We can say that we have come a long way from Newton. And that Nature in the animate and inanimate forms, through to the entire cosmos, is being revealed as a confoundingly strange place where contradictions coexist, words fail and mathematics falls apart.

The universe is contemplating itself through us, complexed hydrogen atoms looking at itself.

The atoms learned to talk.

Dylan Thomas lived while much but not all of these turbulent ideas were emerging. I would be curious to know what he would make of it today.

We have left Hobbit town and are heading for the Great Unknown.

I am afraid to rub it home and say that the pastoral world of Rupert Brook’s poem, The Old Vicarage, Granchester, is now a very very distant thing of the very, very distant past:

“oh! yet
Stands the Church clock at ten to three?
And is there honey still for tea?”

We can never go back. The Genie is out of the bottle. All we can do is follow the breadcrumbs into the Minotaur’s Labyrinth, in our search for the Holy Grail of the answer to Life, the Universe and Everything.

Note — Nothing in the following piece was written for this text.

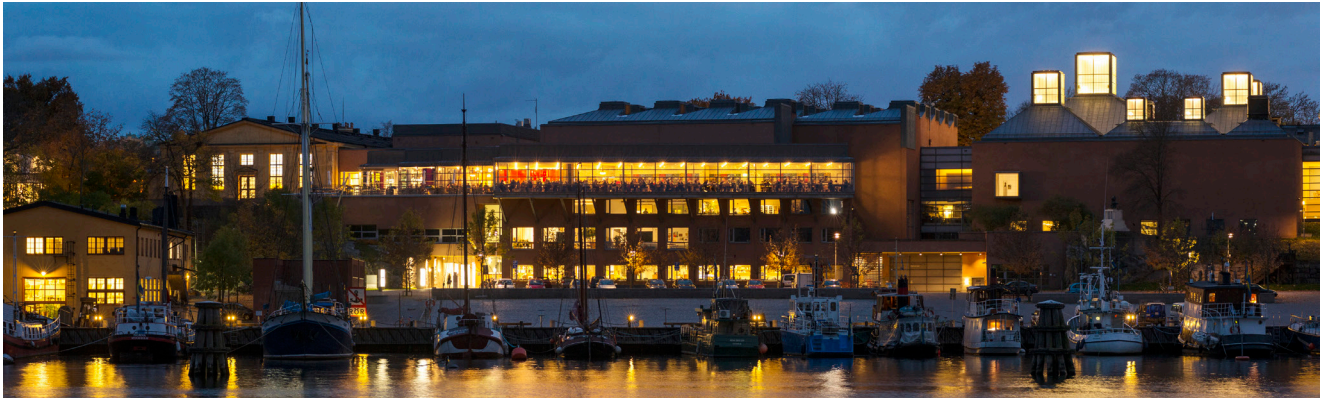
Moderna Museet.

But remember, if you put in the wrong question, you might only get the garbage answer 42 out!

REFERENCES AND BACKMATTER

The force that through the green fuse drives the flower

Dylan Thomas – 1914-1953

The force that through the green fuse drives the flower

Drives my green age; that blasts the roots of trees

Is my destroyer.

And I am dumb to tell the crooked rose

My youth is bent by the same wintry fever.

The force that drives the water through the rocks

Drives my red blood; that dries the mouthing streams

Turns mine to wax.

And I am dumb to mouth unto my veins

How at the mountain spring the same mouth sucks.

The hand that whirls the water in the pool

Stirs the quicksand; that ropes the blowing wind

Hauls my shroud sail.

And I am dumb to tell the hanging man

How of my clay is made the hangman’s lime.

The lips of time leech to the fountain head;

Love drips and gathers, but the fallen blood

Shall calm her sores.

And I am dumb to tell a weather’s wind

How time has ticked a heaven round the stars.

And I am dumb to tell the lover’s tomb

How at my sheet goes the same crooked worm.